A possibilidade de ajustes no cronograma tarifário para a importação de veículos eletrificados gerou inquietação na indústria automotiva. A Anfavea, entidade que representa os fabricantes de veículos, afirmou que não hesitará em recorrer à Justiça se o governo federal decidir alterar os impostos para automóveis importados, que devem voltar a 35% em julho, afetando tanto os veículos prontos quanto os parcialmente montados (SKD). Essa situação se intensificou após solicitações de montadoras, como a BYD, que buscam manter isenções tributárias na importação de componentes.
A demanda por extensão das isenções tributárias coincide com o início da produção local da BYD, que estava previsto para começar em breve. Segundo o vice-presidente da montadora, Alexandre Baldy, a intenção é iniciar uma produção 100% local, não se limitando apenas ao SKD. O marco atual, definido pelo Gecex, do Ministério do Desenvolvimento, estabelece que veículos eletrificados, como híbridos e elétricos, voltarão a recolher a alíquota de 35% em julho. Já os veículos desmontados (CDK) só deverão pagar essa taxa a partir de janeiro de 2027.
A Anfavea manifestou um descontentamento crescente diante de negociações entre o governo e montadoras recém-instaladas, como a BYD, que não contaram com sua inclusão. Em uma carta aberta, a entidade solicitou a manutenção das obrigações tarifárias definidas em novembro de 2023 para garantir a estabilidade do setor. O presidente da Anfavea, Igor Calvet, destacou que o diálogo com o governo é fundamental e que a entidade sempre se mostrou aberta a negociações transparentes, mas não hesitará em tomar medidas legais se necessário.
A insatisfação da Anfavea se intensifica ao considerar que possíveis mudanças no marco tarifário prejudicariam a indústria nacional e a manutenção de empregos, especialmente num cenário em que muitas montadoras já anunciaram investimentos significativos em eletrificação, somando quase R$ 200 bilhões até 2030. Com a aceleração das importações, o número de veículos estocados no Brasil já ultrapassa 350 mil unidades, sendo a maioria deles importados, o que levanta preocupações sobre o potencial desvio dos investimentos para o exterior e a precarização do mercado de trabalho local.

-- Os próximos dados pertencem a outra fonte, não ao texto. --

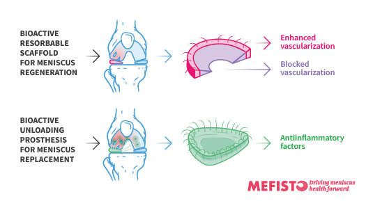 MEFISTO aims to prevent post-meniscectomy OA with innovative bioactive materials. Specific objectives include developing two treatment solutions: a bioactive degradable scaffold for younger patients and a non-degradable implant with drug delivery for older patients with advanced knee OA. In addition, a predictive treatment algorithm based on morphological profiling of meniscectomy patients is created and the socio-economic impact of the meniscus solutions analysed.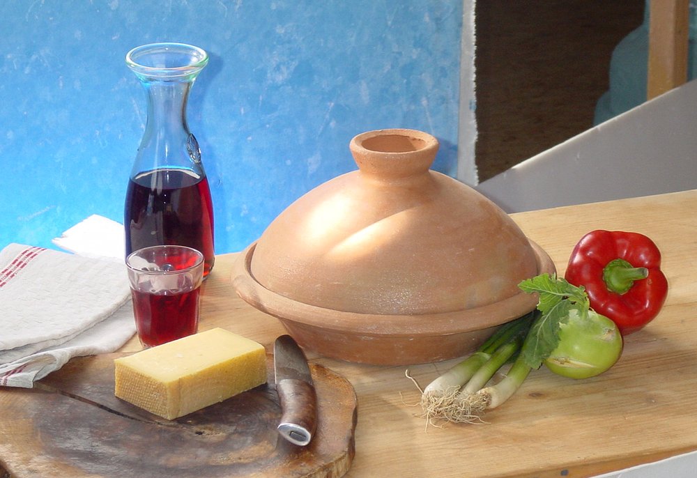 Die Tajine ist sowohl der Name des konischen Lehmtopfes als auch des darin geschmorten Gerichts aus dem Maghreb. Diese Zubereitungsart stammt ursprünglich aus der Berberküche und ermöglicht durch die spezielle Form eine besonders schonende Hitzeverteilung, bei der das Fleisch im eigenen Saft gart.

A atual situação econômica e as mudanças nas regras fiscais podem influenciar futuras decisões de investimento. Por isso, a Anfavea clama por maior previsibilidade nas regras, fundamentais para que as montadoras planejem seus próximos passos. A contínua insegurança quanto aos tributos e incentivos preocupa todos os agentes do setor automotivo, além de potencialmente afetar a estabilidade do emprego e da produção nacional.
As empresas que investem na eletrificação e estão se preparando para atender a demandas futuras podem sofrer consequências se não obtiverem o suporte necessário para sua instalação e operação. O setor aguarda, portanto, um desfecho que assegure um ambiente mais estável e favorável à produção nacional, onde todos tenham oportunidades de competir em condições equitativas.